第4章 狠人
- 魂穿异世,我靠直播基建造反了
- 岁春至
- 9735字
- 2026-02-10 21:24:24
惊鹊一路行来是真的满心雀跃,即便被心中所想和主子所言打击到了,到底心底还是有几分期颐。
然太后实在是不做人,小姑娘的开心维持不过三秒,等她把整个包裹从里到外翻了好几遍,整个人惊呆住了。
“三套宫装?这真的是那位贤名远播的老太后能做出来的事?”
小安子闻声也凑了过去,待看清那包裹里寥寥几样不值当的东西,霎时惊得目瞪口呆,杵在原地半天都没动。
他原以为无论如何那位都会顾着几分脸面,没成想竟是这般小家子气的做派,回过神来便是被那人不要脸的行径气笑了。
“那位还真真是好盘算。”
“是啊,这哑巴亏主子怕是得自己吃下去了。”
此刻,太后赏赐雍和公主的消息,怕是早已传遍东霖内外。
那老虔婆便是只给了她家主子些许衣物,便想欺世盗名再博美名。
可若告诉世人,这位素来贤德的老人竟这般吝啬,这事又有谁会信?
恐怕多的是人觉得,是她家主子过惯了骄奢淫逸的日子,看不上太后老人家那点东西。
看这两人义愤填膺的为她打抱不平,岑矜眼眶微热,只觉在这异世被人护着格外暖心。
“嗨,不痛不痒的,多大个事?无碍。”
眼下活命才是最重要的,她凡事都看得很开。
只是,看得开又不妨碍她记仇!
吃哑巴亏?
她岑矜?
笑话!
她一个没理都要争三分的人,得理都没想过要饶人,更何况吃亏!
况且这事儿可一点都不难办。
那老东西敢这么做,却未必敢实话实说。
既然无人知晓她究竟赏赐了雍和公主些什么,那想来也无甚人晓得她接了太后什么赏赐。
偷梁换柱?
偷换概念?
玩儿谁还不会了?
眼见小姑娘又要急眼了,岑矜忍俊不禁的曲指敲了敲惊鹊的额头,“有新衣服穿不是挺好?”
话是这么说,岑矜的视线却不自觉落在包裹最上方那身大红色云锦宫装上,良久她才漠然移眸,挑起车帘看向远山,漫声低言。
“小安子,走吧。”
小安子领命,架着马车缓缓向城外的官道驶去。
马车淡灰色的纱帘徐徐落下前,岑矜眼角余光里那些护卫黑衣列装往皇城方向绝尘而去。
蹄声渐淡,烟尘翻涌,人马裹挟着劲风疾驰远走,只留一道道模糊影迹在远天尽头。
大抵是这短短几日死了两次,老天爷都看不下去放了她一马,余下的路程主仆三人有惊无险。
只是人生不如意事十之八九,眼前这座空无一人的空城,真的是她的封地雍城?
老皇帝送给她一座鬼城,真的是无时无刻不在咒她去死啊!
[呜呼!这难度不亚于隔壁那个末世基建直播啊。]
[那个人家系统有挂,女主捡捡捡建建建,捂脸!]
[阿矜,出来科普一下为什么雍城会成为空城?]
[这多好,城后山那么高,适合在里面屯兵练兵。]
[兵从哪里来?]
[山里猴子多。]
[哈哈哈哈!]
……
东霖帝国。
西北雍城城门口。
半开的残破城门倚墙垣斜立,木门上裂满纹路,铜制门环锈迹裹身,垂落的门闩也早已断成两截随意的掉在地上。
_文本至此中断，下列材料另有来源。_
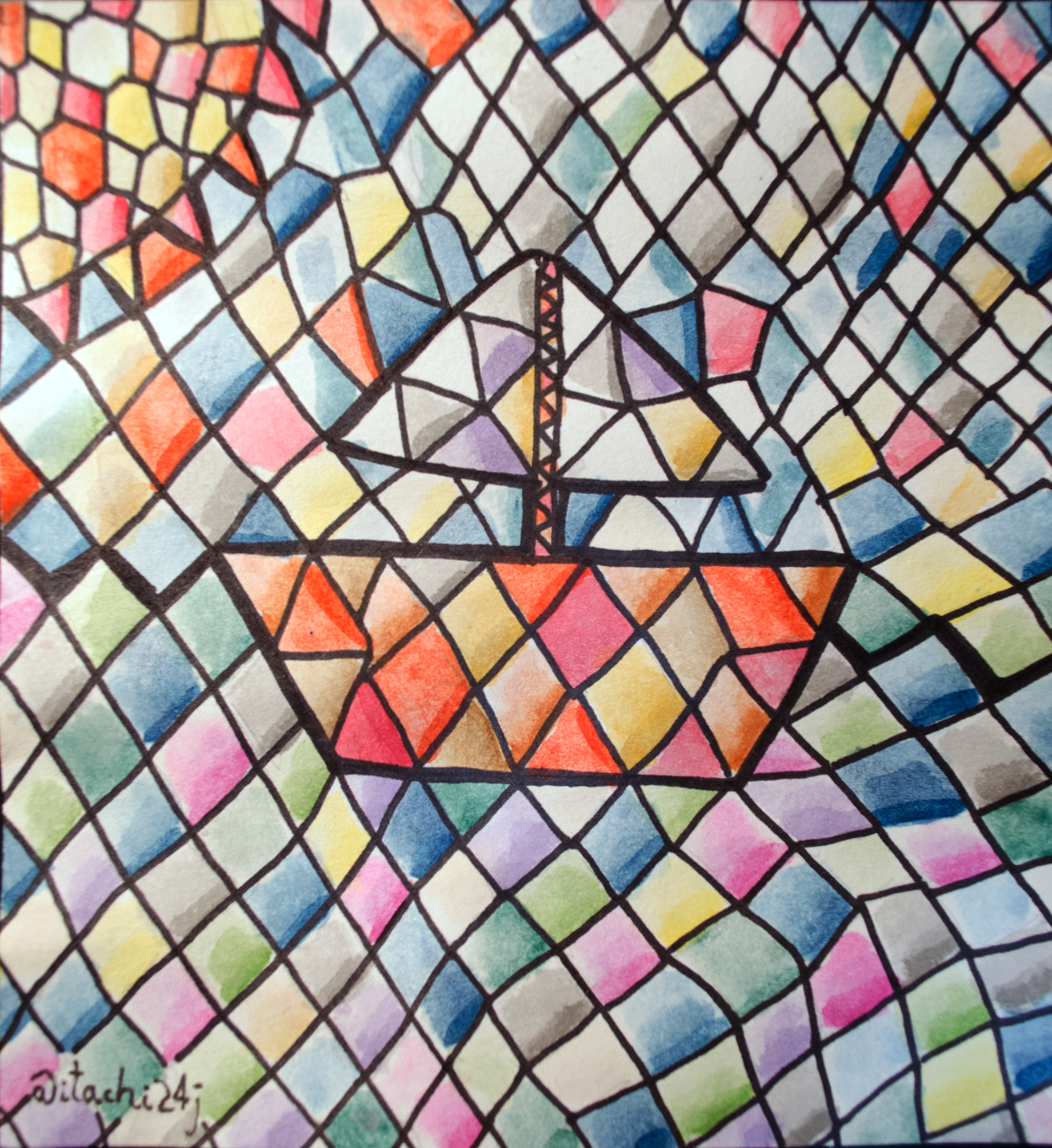 Hola! este dibujo tipo mosaico de un barco es mi entrada en el concurso de @artstorm. Para este dibujo usé acuarelas, marcadores y tinta china, espero les guste!
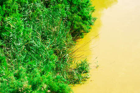 green bushes growing along the river bank. High quality photo

惊鹊和小安子从震惊中回神,小跑过去刚想开门,恰有风过,吹得破门吱呀作响,晃起尘屑飞扬,呛得猝不及防的两人躬身猛咳。
城门洞下的青石板高低错落,缝隙里长满肆意的杂草,经年无人清理,早已经积了厚厚的腐叶与尘埃。
岑矜蹲下身摸了摸依稀可见的车辙印,脑内不期然响起轮轴碾石的声响,闪现往昔车马络络的城市盛景,如今再见却只剩冷寂。
一主二仆默然无言沿城门一路往里走,街巷一眼望不到头,只是两侧的屋舍尽数倾颓。
“谁能想到曾货通内外熙熙攘攘商贾云集的雍城,会在短短数月内变成令人闻风丧胆的鬼城?”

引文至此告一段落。